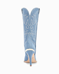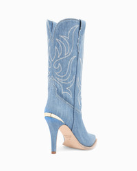 An iconic, pop culture-influenced embroidered denim cowboy boot. PRODUCT DESCRIPTION Pull on mid-calf boot. Denim upper with embroidery detail. 95mm/3.75" heel height. 6mm padded insole. Leather lining. Leather outsole with stitched welt. Signature Partlow plaque. Handcrafted in Italy. DETAILS AND CARE Brush off any dust or dirt with a soft bristle brush or soft cloth. Store boots in protective dustbags provided between wearings.
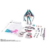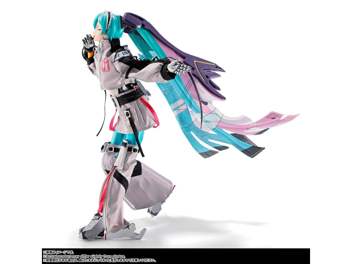 METAL BUILDで培われた合金製アクションフィギュアの設計技術をもとに、布製衣装やワイヤー入りPVCシート製ツインテールといった複合素材の使用、金属感を活かしたデザインアレンジ、そしてデザインの魅力をより際立たせる美麗な彩色と、様々なクリエイターの「創作の連鎖」によって生まれたMETAL BUILD 「初音ミク」が登場!
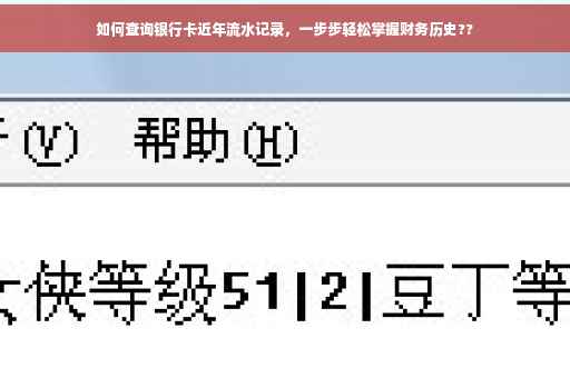 在现代社会,银行卡已成为我们日常生活中不可或缺的支付工具,随着使用频率的增加,了解银行卡的流水记录变得尤为重要,本文将详细介绍如何通过简单几步查询银行卡的近年流水记录,助你轻松掌握个人财务状况。
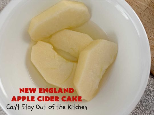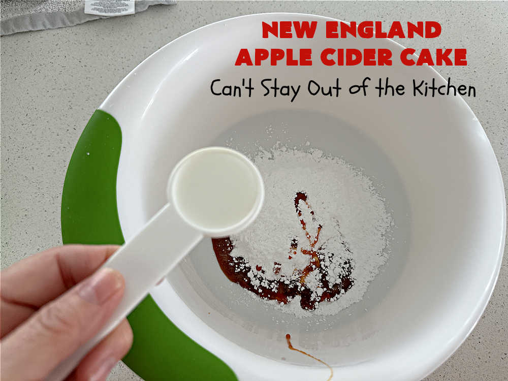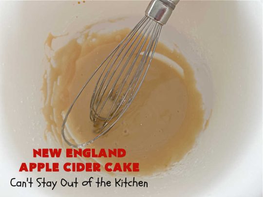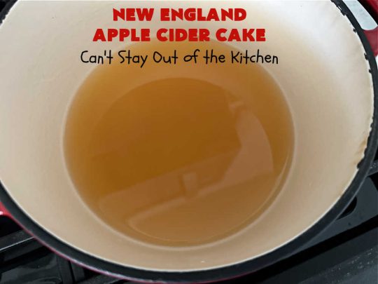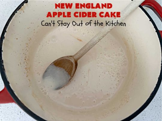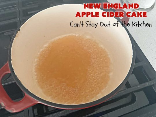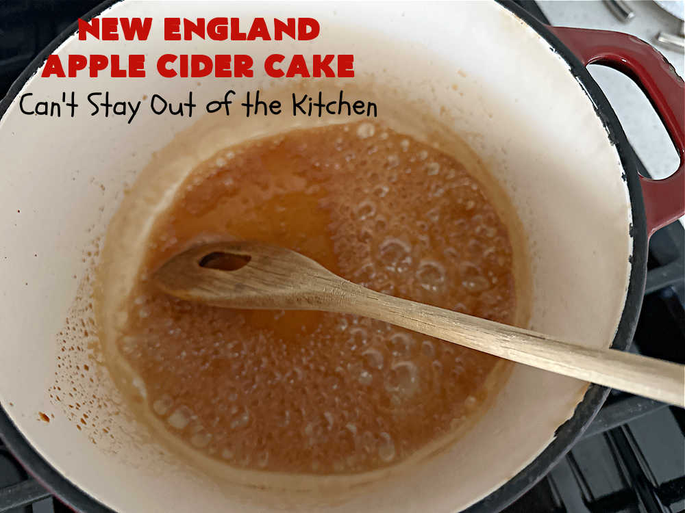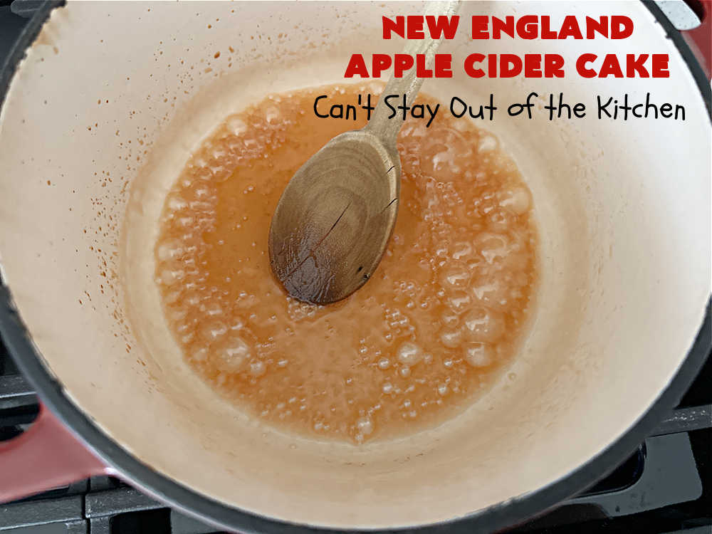 Apple Cider is reduced down to a syrup and used to strengthen and enhance the lovely apple flavor of this cake.

-=-=-=-=-

Write out exactly, and only, the lines running from the line with "在现代社会,银行卡已成为我们" to the last line above, both included, with all pictures omitted.

 在现代社会,银行卡已成为我们日常生活中不可或缺的支付工具,随着使用频率的增加,了解银行卡的流水记录变得尤为重要,本文将详细介绍如何通过简单几步查询银行卡的近年流水记录,助你轻松掌握个人财务状况。
 Apple Cider is reduced down to a syrup and used to strengthen and enhance the lovely apple flavor of this cake.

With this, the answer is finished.